Il faudra d’abord connaître les dessous du mouvement en faveur d’une réforme du système électoral actuel, que nous avons hérité des autorités coloniales britanniques. Nous avons hérité du système “first past the post” et du “best loser system”. L’idée, à l’époque, était d’assurer une balance ethnique et représentative au Parlement de manière à éviter les conflits entre les différentes composantes de la société mauricienne. Le découpage électoral et la création de 20 circonscriptions ont été effectués sur la base d’études effectuées à l’époque et qui prenaient en ligne de compte la notion de l’unité nationale sans négliger la représentativité. Toutefois, aucun expert n’avait prévu qu’un jour le système de first past the post produirait des résultats qui ne soient pas représentatifs. Personne n’avait prévu un résultat de 60-0 en 1982 et 1995. On a alors pris conscience qu’il n’y a pas de système électoral parfait et taillé sur mesure pour un pays spécifique. Tout système a ses avantages et ses désavantages.

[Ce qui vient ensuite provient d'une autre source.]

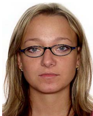
zbyt grube oprawki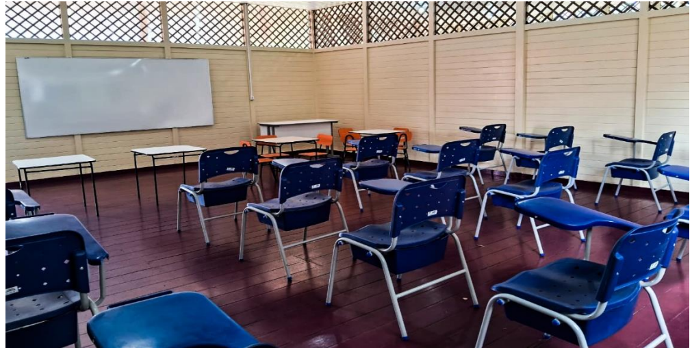
Figura 4- sala de aula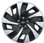
17" oceleové disky s celoplošnými krytmi Sériová výbava pre Titanium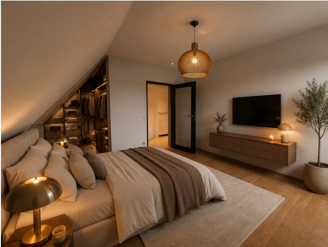
Schlafzimmer 1 KI eingerichtet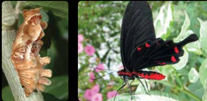
Pachliopta kotzebuea • Voilier kotzébuea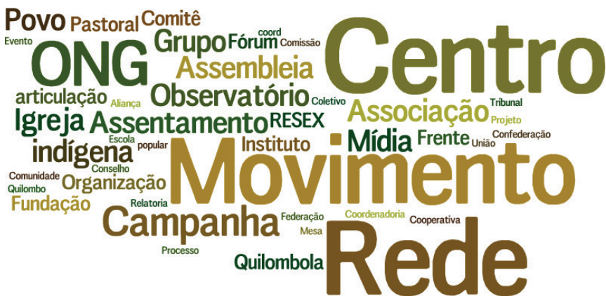
Imagem 1 – Tipos de mobilização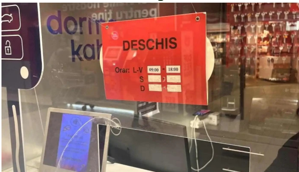
Copiere chei kaufland racari num?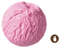
115. HELADO UNA BOLA (Choco, Vainilla, frambuesa, mango, sorbete limón) 2,50€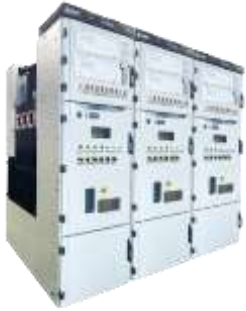
SF6 气体绝缘金属封闭开关设备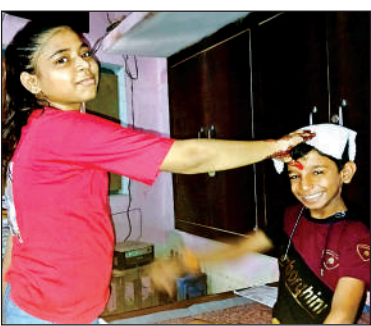
भाई को राखी बांधकर टीका लगाती बहन ।

कलाई में राखी बांधते हुए मंत्र का जाप करती हैं। भाई अपनी बहनों को रक्षा का वचन देते हैं। दुनिया भर में जहां पर भी भारतीय समुदाय के लोगरहते हैं। रक्षाबंधन का पर्व मनाया जाता है। शनिवार की सुबह से ही धर्म नगरी कालपी में रक्षाबंधन पर्व की धूमधाम रही। दूर दूर से आकर बहनों ने अपने भाइयों को राखी बांधकर टीका किया तथा मिठाइयां खिलाकर प्रार्थना की। भाइयों ने भी अपनी-अपनी बहनों को उपहार देकर के रक्षा का वचन देते हुए सामाजिक तथा पारिवारिक सद्भाव प्रस्तुत किया। नगर के मुख्य बाजार टरननगंज, रावगंज, रामगंज, बड़ा बाजार आदि के अलावा जोल्हूपुर मोड़, मंगरौली, बैरई आदि स्थानों में त्योहार को लेकर धूम-धाम दिखाई दी। त्योहार के चलते सड़क पर काफी रौनक रही।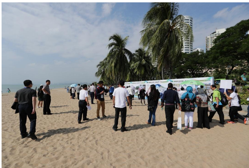
与会嘉宾考察三亚湾岸滩工程人工补沙工程

会议结束后，与会嘉宾乘坐大巴对三亚湾岸滩工程人工补沙工程、亚龙湾青梅港红树林自然保护区和蜈支洲岛旅游区进行了实地考察。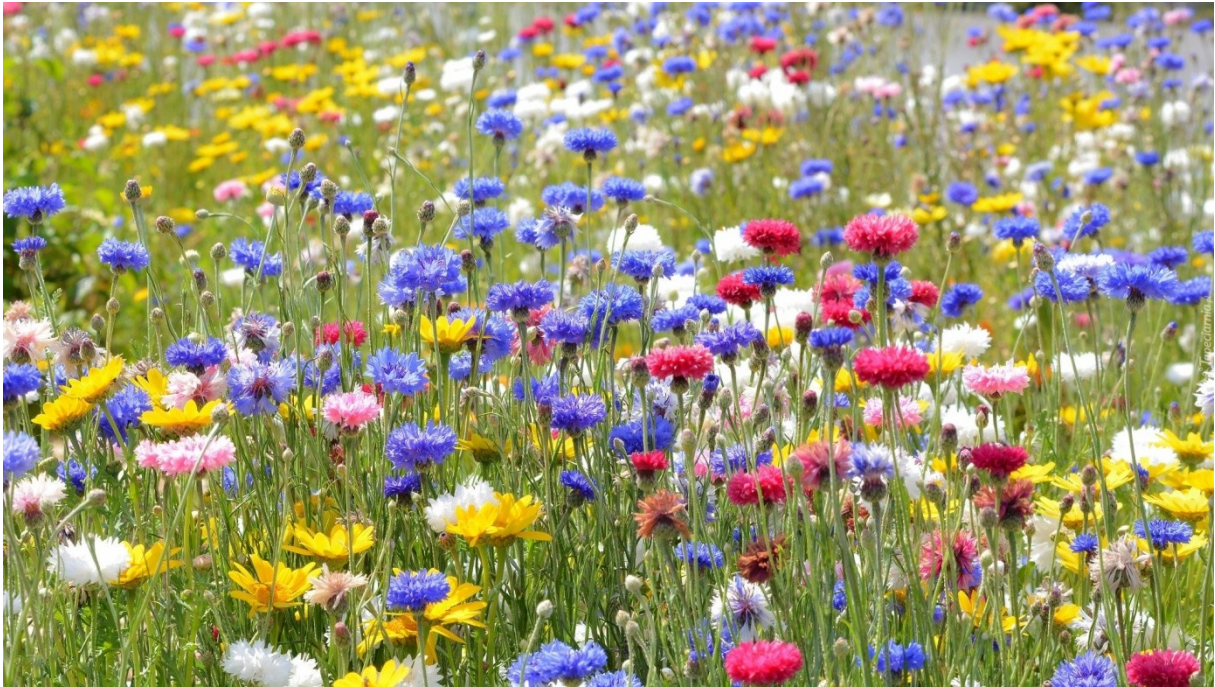
Obrazek przedstawiający ukwieconą majową łąkę.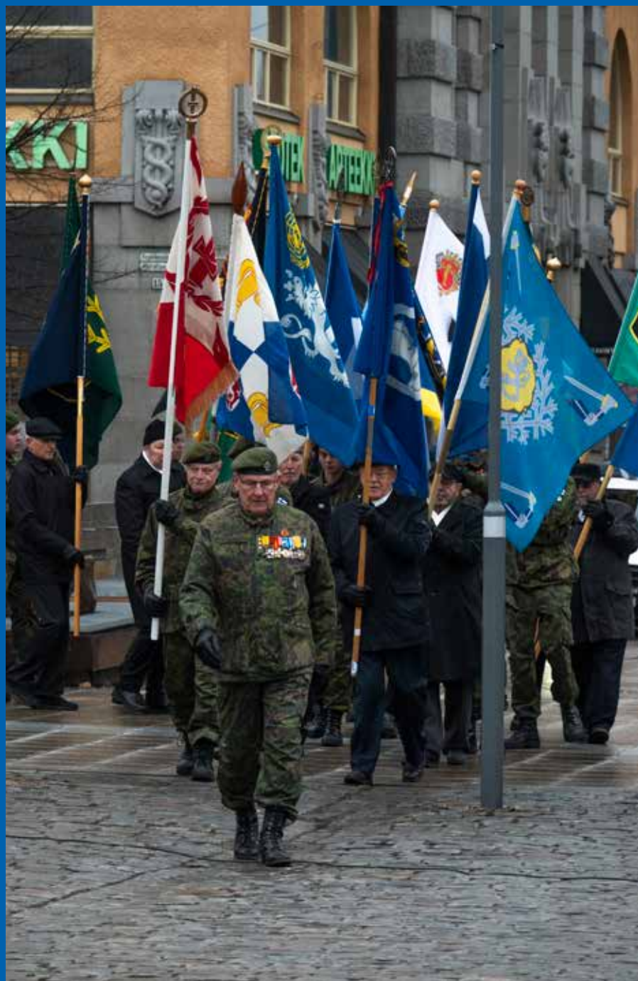
Aamu alkoi juhlallisella lipunnostolla Vaasan kauppatorilla ja seppeleenlaskulla Suomen vapaudenpatsaalle.

Juhlapäivä oli kokonaisuudessaan isänmaallinen ja erittäin lämminhenkinen. Päivän sää oli kylmä ja räntäsateinen, mutta se ei juhlatunnelmaa vähentänyt. Vaasan kaupunki oli tapahtuman vastuullinen järjestäjä, jolle Porin prikaati, erityisesti Pohjanmaan aluetoimisto ja Pohjanmaan jääkäripataljoona, antoivat vahvan tuen.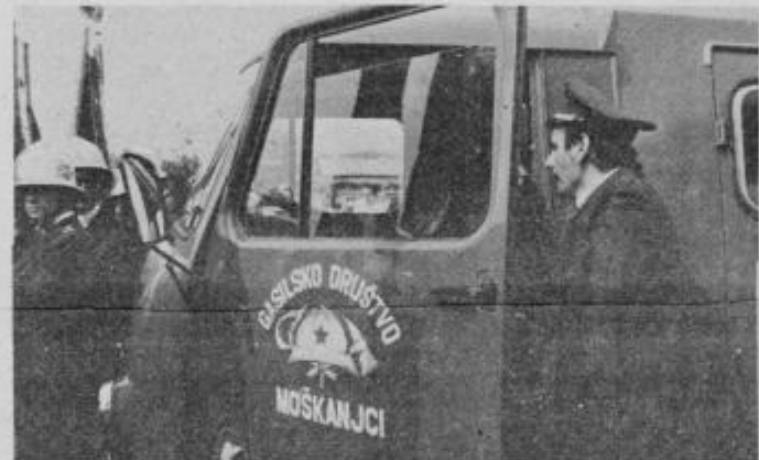
Gasilci iz Moškanje so ponosni na dograjen in prenovljen gasilski dom, še posebej pa na nov gasilski kombi, ki so ga ob 80-letnici predali namestu.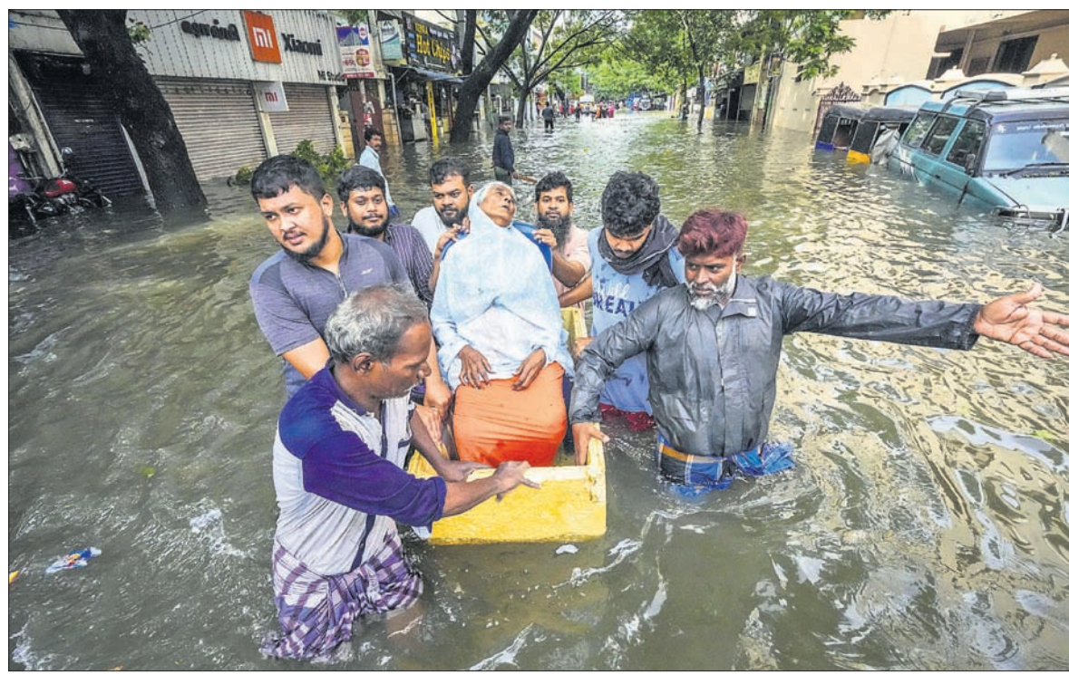
ବାତ୍ୟା ପ୍ରଭାବରେ ପ୍ରବଳ ବର୍ଷା ଯୋଗୁ ଜଳାଶୁଷ୍କ ହୋଇପଡ଼ିଥିବା ଚେନ୍ନାଇର ଏକ ଅଞ୍ଚଳକୁ ଜଣେ ବୁଢ଼ାଙ୍କୁ ସୁରକ୍ଷିତ ସ୍ଥାନକୁ ନିଆଯାଇଛି।

ଅମରାବତୀ/ଚେନ୍ନାଇ, ୫।୧୨ ଭାରତୀୟ ସାମୁଦ୍ରିକ ବାତ୍ୟା ମିଗ୍‌ଲୋମ୍ ମଙ୍ଗଳବାର ମଧ୍ୟାହ୍ନ ୧୨ଟା ୩୦ରୁ ୨ଟା ୩୦ ମଧ୍ୟରେ ଆନ୍ଧ୍ରପ୍ରଦେଶ ଉପକୂଳ ଅତିକ୍ରମ କରିଛି। ନେଲୋର ଏବଂ ମହଲିପତନମ୍ ମଧ୍ୟବର୍ତ୍ତୀ ବାପାଟଲା ନିକଟରେ ବାତ୍ୟା ସ୍ଥଳଭାଗ ଛୁଇଁଥିଲା। ଏହି ସମୟରେ ପବନର ଘଣ୍ଟା ପ୍ରତି ବେଗ ସର୍ବାଧିକ ୯୦ରୁ ୧୦୦ କିଲୋମିଟର ଥିଲା ବୋଲି ଅମରାବତୀ ପାଣିପାଗ କେନ୍ଦ୍ର ପକ୍ଷରୁ କୁହାଯାଇଛି। ସ୍ଥଳଭାଗ ଛୁଇଁବା ପରେ ବାତ୍ୟା ଉତ୍ତର ଦିଗରେ ଗତି କରିବା ସହ କ୍ରମଶଃ ଦୁର୍ବଳ ହୋଇଛି। ଏହାର ପ୍ରଭାବରେ ତାମିଲନାଡୁ, ପଶ୍ଚିମ ଓ ଆନ୍ଧ୍ରପ୍ରଦେଶରେ ୩ ଦିନ ଧରି ପ୍ରବଳ ବର୍ଷା ଲାଗିରହି ବ୍ୟାପକ କ୍ଷୟକ୍ଷତି ଘଟିଛି। ବାତ୍ୟା ପ୍ରଭାବରେ ଚେନ୍ନାଇରେ ପ୍ରବଳ ବର୍ଷା ବିପାତରେ ୧୨ ଜଣଙ୍କ ଜୀବନ ଯାଇଛି। ସେଠାରେ ରାସ୍ତାଗୁଡ଼ିକ ନଦୀର ଭ୍ରମ ସୃଷ୍ଟି କରିଛି। ରାଜ୍ୟରାଜ୍ୟରେ ତଳା ବାଲିଥିବା ଦେଖାଯାଇଥିଲା। ସୋମବାର ବର୍ଷାଜଳ ସୁଅରେ କେତେକ ଗାଡ଼ି ଭାସିଯାଇଥିଲା। ଫଳରେ କର୍ତ୍ତୃପକ୍ଷ ବିଦ୍ୟାଳୟଗୁଡ଼ିକୁ ଛୁଟି ଘୋଷଣା କରିଥିଲେ। ଘରୋଇ ସଂସ୍ଥାଗୁଡ଼ିକ ସେମାନଙ୍କ କର୍ମଚାରୀଙ୍କୁ ଘରେ ରହି କାମ କରିବାକୁ କହିଥିଲେ। ବର୍ଷା ଓ ପବନରେ ପୃଷ୍ଠା-୨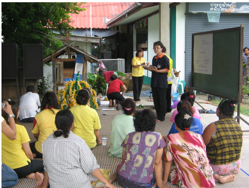
คณะทำงานสัมภาษณ์แบบกลุ่ม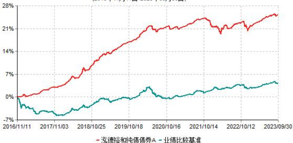
泓德裕和纯债债券A累计净值增长率与业绩比较基准收益率历史走势对比图 (2016年11月11日-2023年09月30日)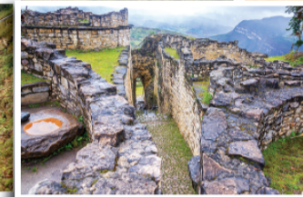
▲ 쿠엘라프 (Fortaleza De Kuelap): AD200-AD1570 일명 구름의 왕궁으로 불렸던 찰리팍아 왕국의 성 제 2의 마추픽추 라고도 불리며 케이블카로 이동함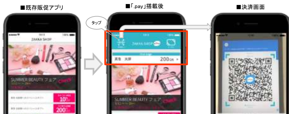
▲クレジット決済ソリューション「.pay」組み込みイメージ

東急電鉄は、今後、カード決済ネットワーク最大手の NTT データとともに、東急カード株式会社のクレジット業務、株式会社東急エージェンシーのマーケティング業務などのノウハウを活用して、決済手段の発展を支え、「日本一住みたい沿線 東急沿線」の実現や、日本全国の人びとの生活をより便利にしていくことを目指します。本ソリューションの詳細は別紙のとおりです。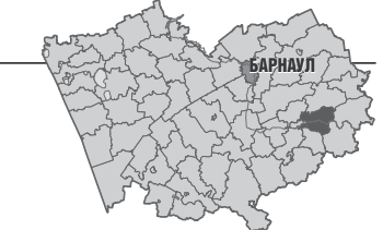
Подготовила Тамара ПОПОВА

В результате этого зачастую размер доходов семей с детьми-инвалидами с учетом таких компенсаций превышает величину среднедушевого дохода, позволяющего относить их к категории малоимущих и имеющих право на получение мер господдержки. Поскольку проблема коснулась наименее защищенных слоев населения, уполномоченный по правам ребенка в Алтайском крае подготовил обращение к уполномоченному при Президенте РФ по правам ребенка о возможности внесения предложения об изменении порядка подсчета доходов таких семей, чтобы при расчете среднедушевого дохода для получения мер государственной поддержки не учитывались бы пенсии по инвалидности и компенсации по уходу за детьми-инвалидами.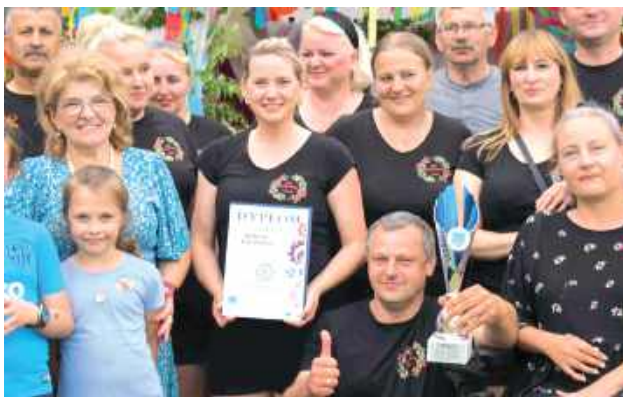
I miejsce zajęła drużyna z Frampola

Voulez-vous dire que personne, à l’époque, n’avait pensé que l’électorat voterait en faveur des partis plutôt que des candidats ?
À l’époque, les électeurs votaient par instinct communal. Par la suite, et à force de débats politiques, la mentalité a évolué pour s’aligner plus sur la “party line”. Ainsi, avec disons 60% de suffrages, un parti pouvait obtenir les 60 sièges à pourvoir à Maurice. Un autre parti ayant obtenu 30 à 40% des suffrages peut se retrouver sans aucun député élu. Le best loser system a bien marché et peut encore exister en respectant certaines exigences légales et constitutionnelles, qui doivent être revues. Un autre problème a surgi lorsque des membres de Rezistans ek Alternativ, en 2010, refusé de mettre l’appartenance éthique dans leur “nomination paper”. Ils avaient au préalable protesté auprès de l’Human Rights Committee des Nations Unies contre le fait qu’ils étaient obligés d’inscrire leur communauté sur le “nomination paper” pour les besoins du système de best losers. Ce qu’ils considéraient comme anticonstitutionnel. Dans son “ruling”, le comité des droits de l’homme observe qu’il n’est normal que la représentativité sur la base des quatre communautés prévues dans la Constitution soit basée sur le recensement de 1972. En 2010, la Cour suprême a considéré qu’aux termes de la loi électorale, ils étaient tenus d’inscrire leur communauté, conformément à la loi. Ils se sont donc tournés vers le Privy Council, qui a alors envoyé un signal fort en soutenant qu’il paraît qu’il ne soit équitable de se baser sur le recensement de 1972 et qu’il revient au judiciaire de Maurice de se prononcer sur la question. C’est alors qu’ils ont logé une affaire en Cour suprême, qui sera entendue le 24 mai prochain.
C’est une deuxième raison pour apporter une réforme électorale. Il y a un consensus à l’effet qu’il n’est pas nécessaire de faire un recensement tenant en compte les communautés. Cela risque d’entraîner un morcellement des communautés, ce qui ne favoriserait pas une société arc-en-ciel et la création d’une communauté mauricienne. Le recensement n’est pas dans l’intérêt national. Il s’agit maintenant, à notre avis, d’introduire un système qui corrige les inégalités créées par le système first past the post. D’où l’idée d’un système proportionnel qui, d’ailleurs, a fait l’objet d’une série de propositions de plusieurs experts étrangers. Il y a eu également un comité présidé par Ivan Collendavelloo. Tout le monde s’accorde à dire qu’il faudra une dose de proportionnelle tout en maintenant le système de first past the post.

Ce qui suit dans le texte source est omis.